Complicating Factors
Modern high-performance processors can easily have 8 bit register addresses (Itanium had more than 128 general purpose registers in a context and higher-end out-of-order processors can have even more registers). This is also a less important consideration relative to those above, but it should not be ignored.
Conclusion
Many of the above considerations overlap, which is to be expected for an optimized design. If a particular function is expected to be common, not only will the implementation be optimized but the interface as well. Limiting flexibility (direct addressing, fixed size) naturally aids optimization and smaller is easier to make faster.
Registers are essentially internal CPU memory. So accesses to registers are easier and quicker than any other kind of memory accesses.
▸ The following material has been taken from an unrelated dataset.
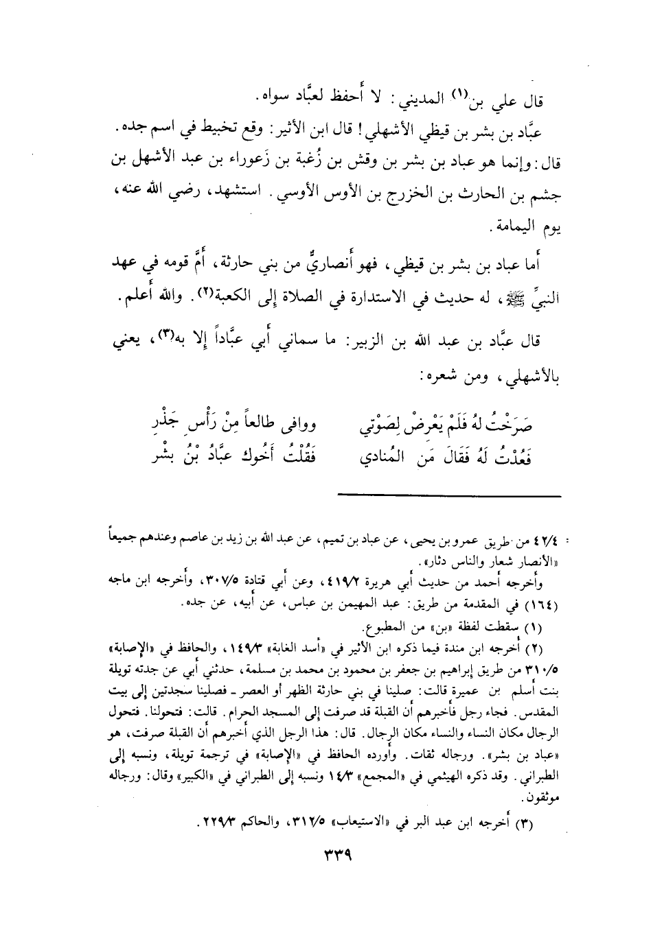 عَبَّادُ بنُ بِشْرِ بنِ قَيْظِيٍّ الأَشْهَلِيِّ! قَالَ ابْنُ الأَثِيْرِ: وَقَعَ تَخْبِيْطٌ فِي اسْمِ جَدِّهِ.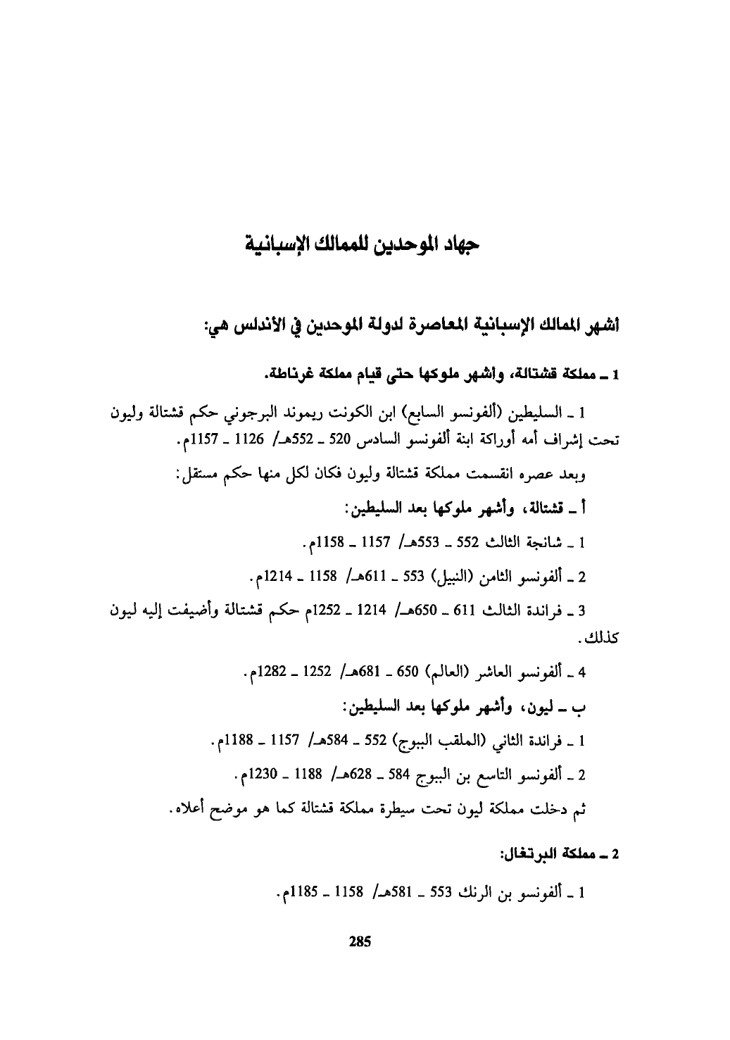 3 - فراندة الثالث 611 - 650 هـ/1214 - 1252 م حكم قشتالة وأضيفت إليه ليون كذلك.

Smaller memories are generally faster than larger ones; they can also require fewer bits to address. A 32-bit instruction word can hold three four-bit register addresses and have lots of room for the opcode and other things; one 32-bit memory address would completely fill up an instruction word leaving no room for anything else. Further, the time required to address a memory increases at a rate more than proportional to the log of the memory size. Accessing a word from a 4 gig memory space will take dozens if not hundreds of times longer than accessing one from a 16-word register file.
A machine that can handle most information requests from a small fast register file will be faster than one which uses a slower memory for everything.
Every microcontroller has a CPU as Bill mentioned, that has the basic components of ALU, some RAM as well as other forms of memory to assist with its operations. The RAM is what you are referring to as Main memory.
The ALU handles all of the arthimetic logical operations and to operate on any operands to perform these calculations, it loads the operands into registers, performs the operations on these, and then your program accesses the stored result in these registers directly or indirectly.
Since registers are closest to the heart of the CPU (a.k.a the brain of your processor), they are higher up in the chain and ofcourse operations performed directly on registers take the least amount of clock cycles.